• _What the task requires_
Pictures stay out of your copy, but everything else in the records below must be repeated exactly.

--

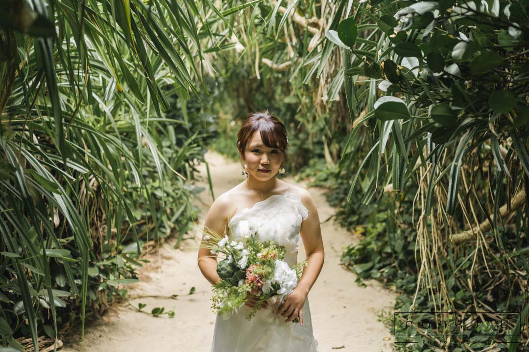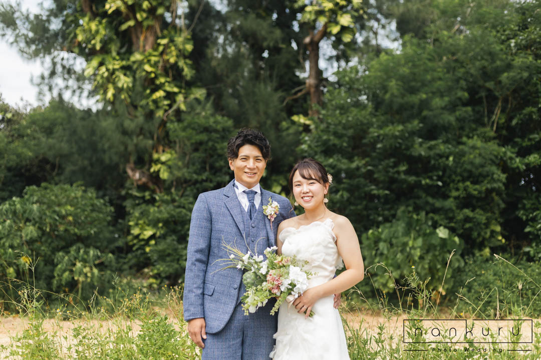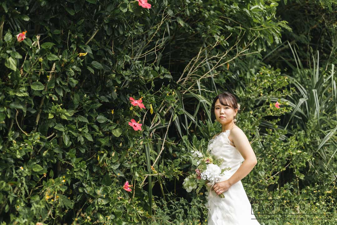 恩納村の綺麗な海を背景に撮影ができるのはもちろん、緑の中でも撮影できるので、様々な写真が残せます。
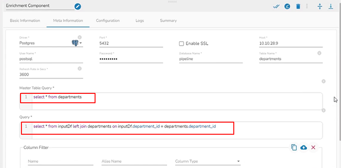 Open the ***Meta Information*** tab and fill in all the connection-specific details for the Enrichment Component.
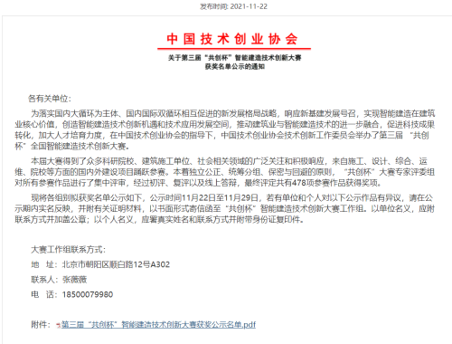 11月30日,由中國技術創業協會技術創新委員會主辦的第三屆“共創杯”智能建造技術創新大賽比賽結果揭曉,中國二冶集團“蘭州新區瑞嶺御景苑項目的BIM技術應用”榮獲施工組一等獎,“基于BIM技術在張家川回族自治縣中醫醫院醫技綜合樓及二期建設項目的施工應用”作品榮獲施工組二等獎。
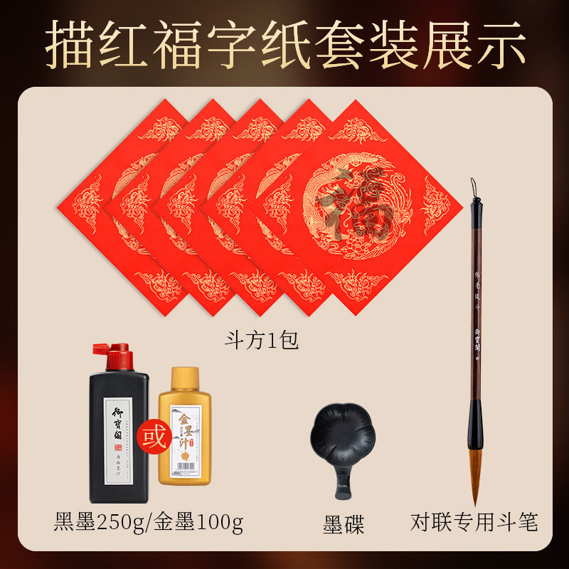 2026年马年新款描红福字纸儿童自写套装对联专用纸万年红洒金斗方临摹写福字的红纸手写书法春联作品红色宣纸
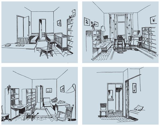 Но самым важным, конечно, было организовать пространство внутри квартир. Недостаточно было сократить высоту комнат до 2,7 метров и сделать совмещенные санузлы. Теснота не была проблемой для большинства новоселов, но нельзя было допустить, чтобы они тащили за собой привычки и скарб из бараков, подвалов и коммуналок. Поэтому жильцы въезжали в квартиры, уже оборудованные встроенной мебелью, а остальную они могли приобрести по каталогу, ознакомившись с образцовыми интерьерами, представленными в одном из домов микрорайона. В свободной продаже современная мебель еще отсутствовала, а традиционная в малогабаритные квартиры просто не помещалась.
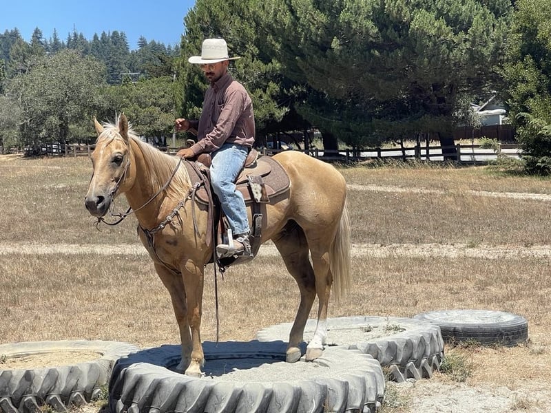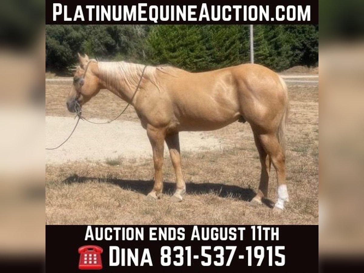 ONLINE AUCTION Place your bids at www.PlatinumEquineAuction.com Starting Bid $3500 Auction ends August 11th, 2024 Need a new saddle? Check out White Rock Saddles on our website or Facebook! Applesauce is a handsome palomino gelding he is a solid built and stout boy standing 15.1 hands and 11 years old. Applesauce is the definition of a true gentleman. He is a trusty steady eddie ride. He is content cruising down any trail and will be the one you can count on to be confident and will to navigating through most any type of terrain. He will go through dense forest, cross rushing rivers, and climb the highest mountains remaining sure footed. Applesauce has been ridden at state parks and is used to hikers, bikers and families walking the trails. He is not bothered with any of it. He has been ridden by timid riders to advanced. He will be patient and gentle will adapt for different levels. Applesauce has seen all the trail obstacles and will willingly accomplish them. Applesauce will calmly walk over the tittering bridge, climb right on the tires, walk over poles and try most any obstacle you can think of. He doesn’t get bothered by the tarp, ball or flying flags. Applesauce will walk trot and lope correct circles and picks up the correct leads and transitions nicely. He has a nice stop and easy back up and is very responsive to cues. He has been out to gather cattle, checking fence and ride through pairs. He is easy to tack up, clip and loves to be groomed he will talk to you when you go out to catch him. He is very friendly and happy to go out with you. This boy would be a great addition to a family that loves a horse with personality. Applesauce is a more whoa then go and very content just moseying along checking out new sights. He will meet you at the gate and is happy to see you. He is the one you can count on for countless adventures and to know he will always be a solid companion. To meet this handsome hunk contact Longhorn Ranch, Dina 831-537-1915 located in Paicines, CA. ONLINE AUCTION Place your bids at www.PlatinumEquineAuction.com Starting Bid $3500 Auction ends August 11th, 2024 Need a new saddle? Check out White Rock Saddles on our website or Facebook!
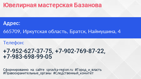 Ювелирная мастерская Базанова по адресу 665709, Иркутская область, Братск, Наймушина, 4 в дальнейшем Организация, размещена в следующих категориях:
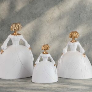 FIGURA MENINA RESINA BLANCA DORADA 22x17x31 CM
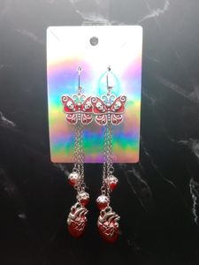 Stainless steel dangle earrings with red skull butterflies, red and clear cracked glass beads, and realistic heart charms with stainless steel leverback french earring hooks.
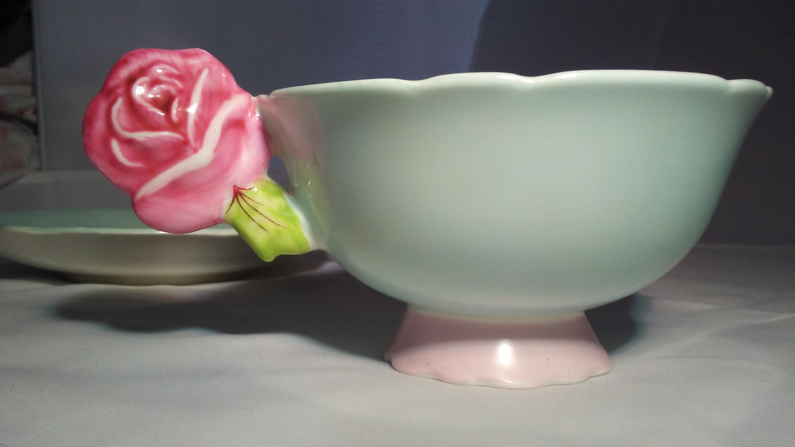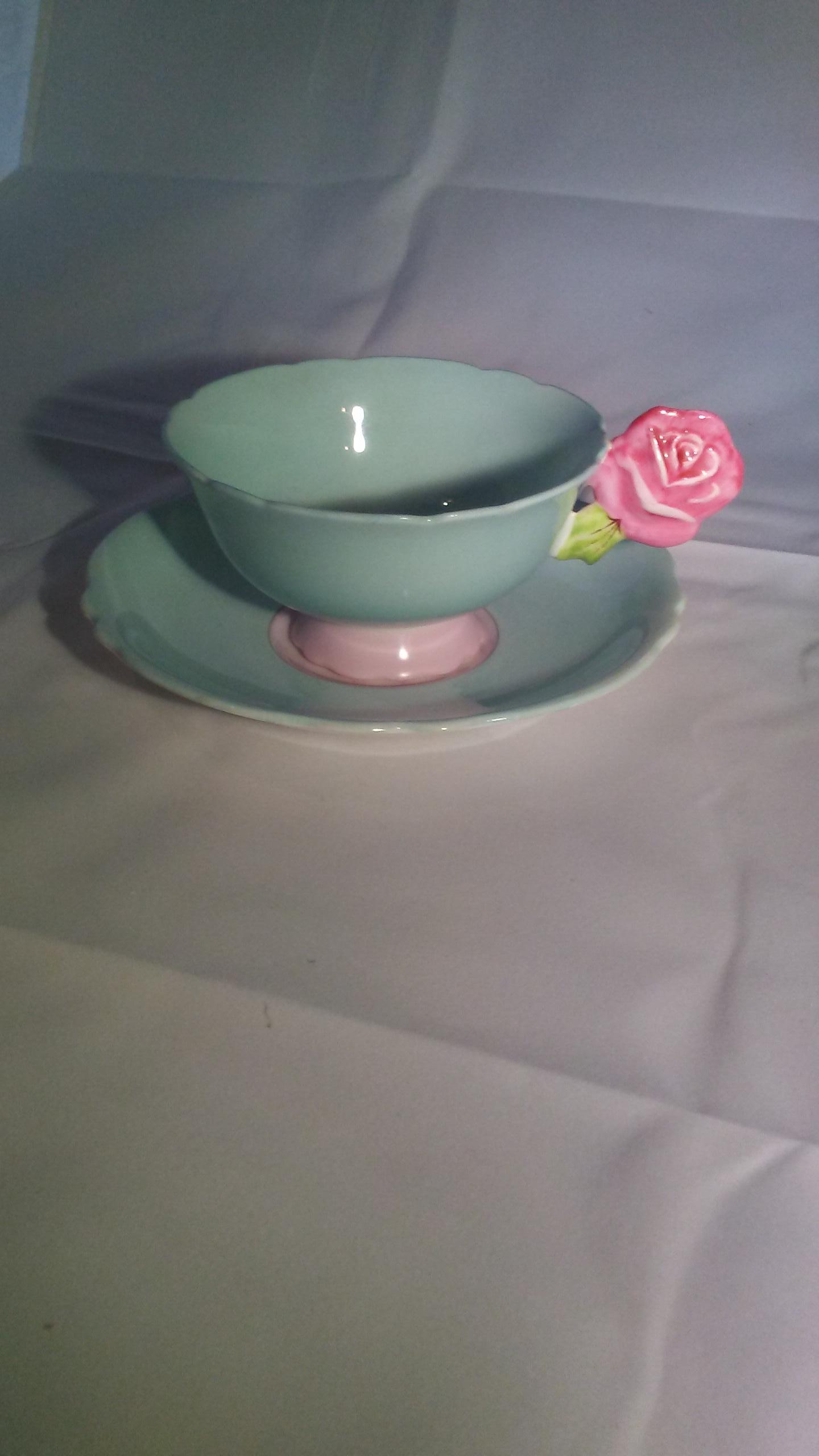 I bought this beautiful tea cup and saucer with a rose handle . Light blue cup and saucer with pink middle of saucer. On back of saucer it reads: By appointment to H.M. THE QUEEN & H.M. QUEEN MARY FINE BONE CHINA ENGLAND REG'D. There is a goldish colored dot in middle of PARAGON and above that it is hard to read but it MIGHT be : G 1 6 or 616???? Hard to tell
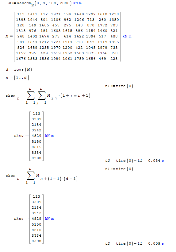 BTW with a random set of values and small matrices, doesn't seems so slow in my machine (WIN7PRO/AMD PRO A10/16GB RAM). With bigger matrices the difference is huge (for a 100x100 matrix, 26.1s with first method, 0.028s with second method)
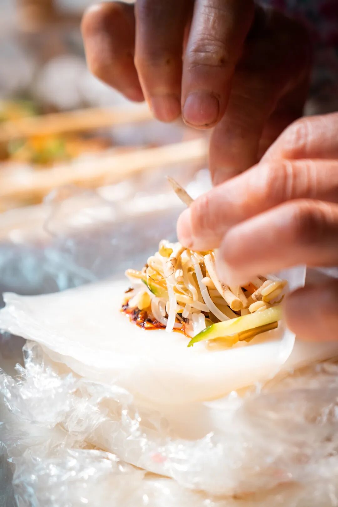 當然,腸粉有餡兒,最好還是用卷粉來類比。安順的小裹卷,方片狀的米皮裹上豆芽、酸蘿蔔、酥黃豆、折耳根,澆一勺黴豆腐水,一口一個,夏天吃起來最為清爽。榕江的卷粉卻要用扇形的米皮捲上肉沫、萵筍、香菇,成為一道熱騰騰的能量主食。

--

• _Written answer_
 恩納村の綺麗な海を背景に撮影ができるのはもちろん、緑の中でも撮影できるので、様々な写真が残せます。
 Open the ***Meta Information*** tab and fill in all the connection-specific details for the Enrichment Component.
 11月30日,由中國技術創業協會技術創新委員會主辦的第三屆“共創杯”智能建造技術創新大賽比賽結果揭曉,中國二冶集團“蘭州新區瑞嶺御景苑項目的BIM技術應用”榮獲施工組一等獎,“基于BIM技術在張家川回族自治縣中醫醫院醫技綜合樓及二期建設項目的施工應用”作品榮獲施工組二等獎。
 2026年马年新款描红福字纸儿童自写套装对联专用纸万年红洒金斗方临摹写福字的红纸手写书法春联作品红色宣纸
 Но самым важным, конечно, было организовать пространство внутри квартир. Недостаточно было сократить высоту комнат до 2,7 метров и сделать совмещенные санузлы. Теснота не была проблемой для большинства новоселов, но нельзя было допустить, чтобы они тащили за собой привычки и скарб из бараков, подвалов и коммуналок. Поэтому жильцы въезжали в квартиры, уже оборудованные встроенной мебелью, а остальную они могли приобрести по каталогу, ознакомившись с образцовыми интерьерами, представленными в одном из домов микрорайона. В свободной продаже современная мебель еще отсутствовала, а традиционная в малогабаритные квартиры просто не помещалась.
 ONLINE AUCTION Place your bids at www.PlatinumEquineAuction.com Starting Bid $3500 Auction ends August 11th, 2024 Need a new saddle? Check out White Rock Saddles on our website or Facebook! Applesauce is a handsome palomino gelding he is a solid built and stout boy standing 15.1 hands and 11 years old. Applesauce is the definition of a true gentleman. He is a trusty steady eddie ride. He is content cruising down any trail and will be the one you can count on to be confident and will to navigating through most any type of terrain. He will go through dense forest, cross rushing rivers, and climb the highest mountains remaining sure footed. Applesauce has been ridden at state parks and is used to hikers, bikers and families walking the trails. He is not bothered with any of it. He has been ridden by timid riders to advanced. He will be patient and gentle will adapt for different levels. Applesauce has seen all the trail obstacles and will willingly accomplish them. Applesauce will calmly walk over the tittering bridge, climb right on the tires, walk over poles and try most any obstacle you can think of. He doesn’t get bothered by the tarp, ball or flying flags. Applesauce will walk trot and lope correct circles and picks up the correct leads and transitions nicely. He has a nice stop and easy back up and is very responsive to cues. He has been out to gather cattle, checking fence and ride through pairs. He is easy to tack up, clip and loves to be groomed he will talk to you when you go out to catch him. He is very friendly and happy to go out with you. This boy would be a great addition to a family that loves a horse with personality. Applesauce is a more whoa then go and very content just moseying along checking out new sights. He will meet you at the gate and is happy to see you. He is the one you can count on for countless adventures and to know he will always be a solid companion. To meet this handsome hunk contact Longhorn Ranch, Dina 831-537-1915 located in Paicines, CA. ONLINE AUCTION Place your bids at www.PlatinumEquineAuction.com Starting Bid $3500 Auction ends August 11th, 2024 Need a new saddle? Check out White Rock Saddles on our website or Facebook!
 Ювелирная мастерская Базанова по адресу 665709, Иркутская область, Братск, Наймушина, 4 в дальнейшем Организация, размещена в следующих категориях:
 FIGURA MENINA RESINA BLANCA DORADA 22x17x31 CM
 Stainless steel dangle earrings with red skull butterflies, red and clear cracked glass beads, and realistic heart charms with stainless steel leverback french earring hooks.
 I bought this beautiful tea cup and saucer with a rose handle . Light blue cup and saucer with pink middle of saucer. On back of saucer it reads: By appointment to H.M. THE QUEEN & H.M. QUEEN MARY FINE BONE CHINA ENGLAND REG'D. There is a goldish colored dot in middle of PARAGON and above that it is hard to read but it MIGHT be : G 1 6 or 616???? Hard to tell
 BTW with a random set of values and small matrices, doesn't seems so slow in my machine (WIN7PRO/AMD PRO A10/16GB RAM). With bigger matrices the difference is huge (for a 100x100 matrix, 26.1s with first method, 0.028s with second method)
 當然,腸粉有餡兒,最好還是用卷粉來類比。安順的小裹卷,方片狀的米皮裹上豆芽、酸蘿蔔、酥黃豆、折耳根,澆一勺黴豆腐水,一口一個,夏天吃起來最為清爽。榕江的卷粉卻要用扇形的米皮捲上肉沫、萵筍、香菇,成為一道熱騰騰的能量主食。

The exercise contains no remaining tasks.